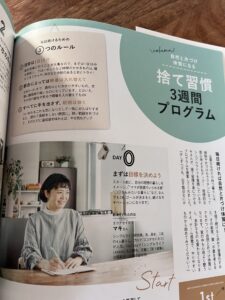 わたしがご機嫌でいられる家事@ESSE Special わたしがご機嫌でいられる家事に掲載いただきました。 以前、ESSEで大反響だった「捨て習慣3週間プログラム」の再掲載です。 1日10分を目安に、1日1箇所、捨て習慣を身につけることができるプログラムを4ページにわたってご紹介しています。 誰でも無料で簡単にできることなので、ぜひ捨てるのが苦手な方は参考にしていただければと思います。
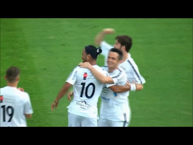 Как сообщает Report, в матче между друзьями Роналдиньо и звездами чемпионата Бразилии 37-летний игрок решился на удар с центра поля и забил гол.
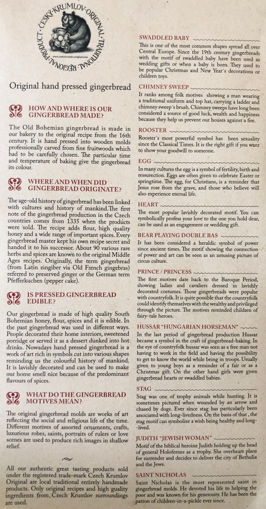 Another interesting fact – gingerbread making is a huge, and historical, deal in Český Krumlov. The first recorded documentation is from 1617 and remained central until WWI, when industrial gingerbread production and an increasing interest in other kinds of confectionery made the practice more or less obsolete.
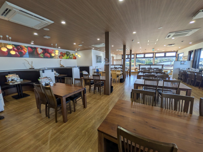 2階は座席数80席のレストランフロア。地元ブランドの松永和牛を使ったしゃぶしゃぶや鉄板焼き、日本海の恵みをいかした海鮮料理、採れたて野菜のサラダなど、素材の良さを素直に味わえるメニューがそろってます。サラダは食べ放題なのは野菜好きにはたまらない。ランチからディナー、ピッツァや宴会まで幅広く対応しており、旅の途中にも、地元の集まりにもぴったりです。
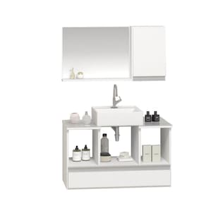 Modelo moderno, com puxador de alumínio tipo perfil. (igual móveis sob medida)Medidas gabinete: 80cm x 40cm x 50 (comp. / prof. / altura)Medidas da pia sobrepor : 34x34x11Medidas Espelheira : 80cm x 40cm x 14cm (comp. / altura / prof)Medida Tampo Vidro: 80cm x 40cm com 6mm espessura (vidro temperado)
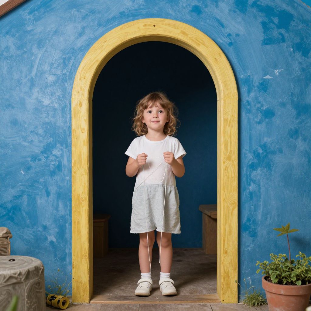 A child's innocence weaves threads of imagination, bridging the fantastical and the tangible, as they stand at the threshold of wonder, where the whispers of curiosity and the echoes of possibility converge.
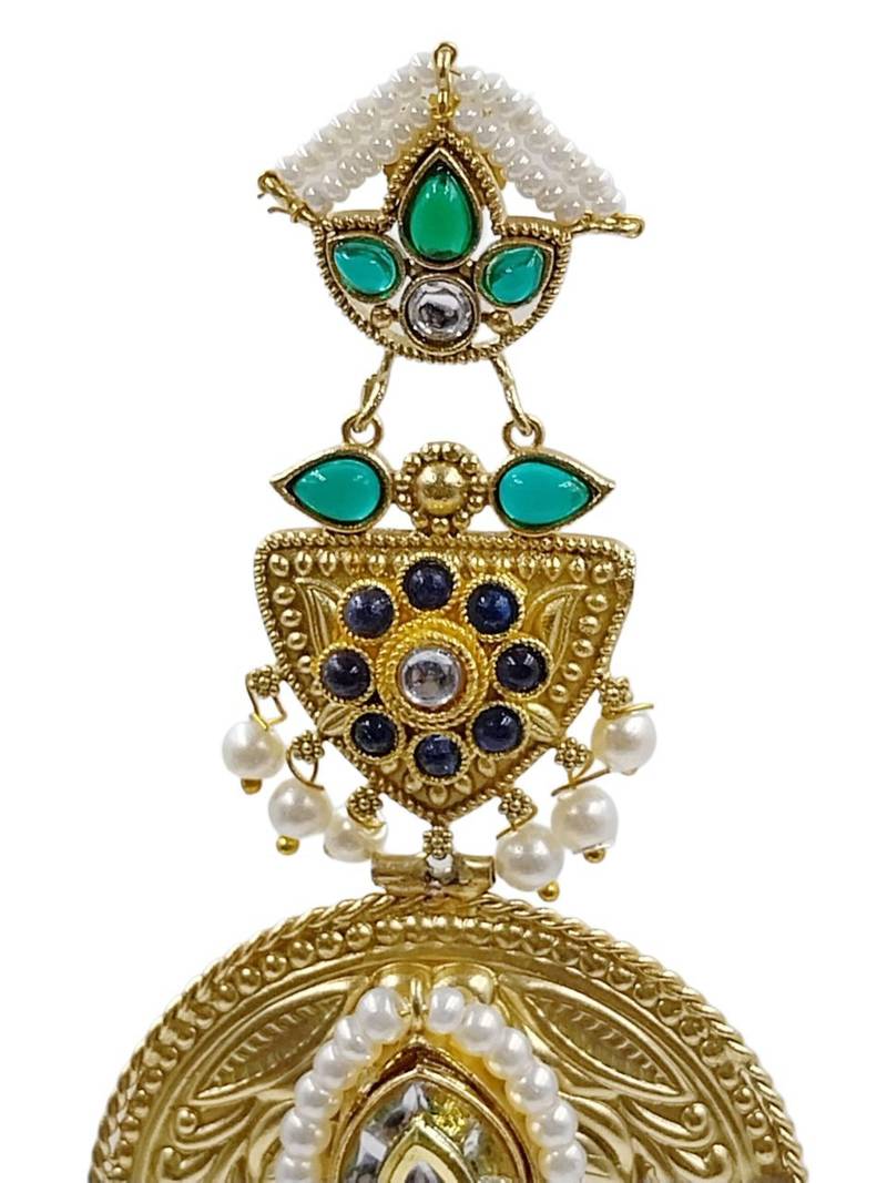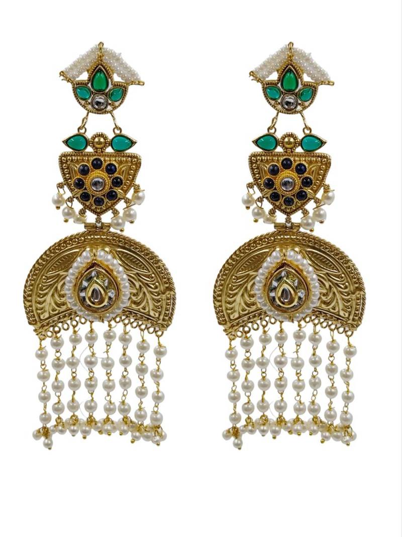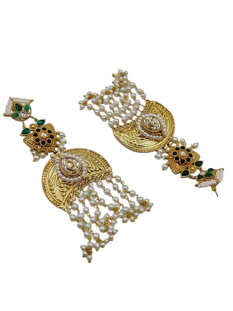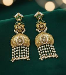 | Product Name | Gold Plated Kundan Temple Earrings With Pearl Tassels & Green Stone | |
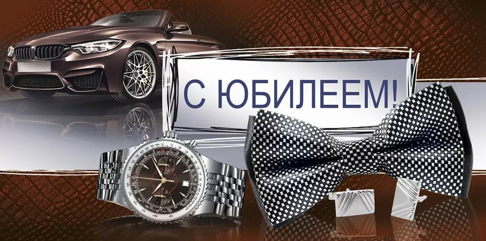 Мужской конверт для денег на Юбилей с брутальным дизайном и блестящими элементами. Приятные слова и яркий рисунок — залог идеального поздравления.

* EXERCISE INSTRUCTIONS *
Output only the lines running from the top of the data above to the line with "Как сообщает Report, в", inclusive, word for word and without pictures.

* YOUR SOLUTION *
 わたしがご機嫌でいられる家事@ESSE Special わたしがご機嫌でいられる家事に掲載いただきました。 以前、ESSEで大反響だった「捨て習慣3週間プログラム」の再掲載です。 1日10分を目安に、1日1箇所、捨て習慣を身につけることができるプログラムを4ページにわたってご紹介しています。 誰でも無料で簡単にできることなので、ぜひ捨てるのが苦手な方は参考にしていただければと思います。
 Как сообщает Report, в матче между друзьями Роналдиньо и звездами чемпионата Бразилии 37-летний игрок решился на удар с центра поля и забил гол.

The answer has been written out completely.